Overall, the brand shed 8 percent of its volume last year. Those sales were 14.3 percent lower than 2013, Cadillac’s best post-recession year.

As fewer buyers took home a relatively low-buck ATS, volume of the high-zoot Escalade and long-wheelbase ESV variant remained strong, declining by just 2.6 and 5.1 percent, respectively, last year. The midsized XT5 crossover also remained strong. As it sheds sedan buyers, the greater presence of SUVs in Cadillac’s mix is boosting the average transaction price. Now, all Cadillac needs to do is field more vehicles buyers actually want.

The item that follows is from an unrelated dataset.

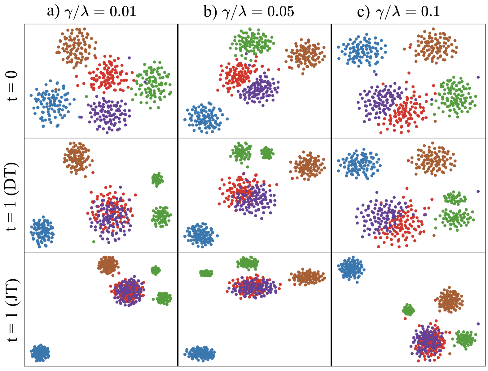 Figure 5: Comparison of the effect of hyperparameters in Dynamic and Joint t-SNE. We used the result from Dynamic t-SNE as the projection of the first time frame for ease of comparison. For Dynamic t-SNE, as λ increases from 0.01 to 0.1, the effect of long-range interference at t = 0 becomes more obvious as the red and purple clusters gets closer, which is a future change. The same is true for smoothing effect at t = 1. Joint t-SNE is robust to the change of γ; see the red and purple clusters fully overlap regardless of γ.

It’s working on that. As Automotive News reports, Cadillac President Johan de Nysschen is more concerned with the brand’s fiscal health than reaching arbitrary sales targets. On the retail side, his initially controversial Project Pinnacle dealer overhaul is “doing as it has been set up to do,” de Nysschen said recently in Detroit.

On the product front, this year brings a XT4 compact crossover designed to mine gold in a very lucrative segment. A larger crossover is in the works, as are two sedans strategically designed to replace the ATS, CTS, and XTS after 2019. GM’s chief financial officer, Chuck Stevens, expects a doubling of Cadillac’s profits by 2021.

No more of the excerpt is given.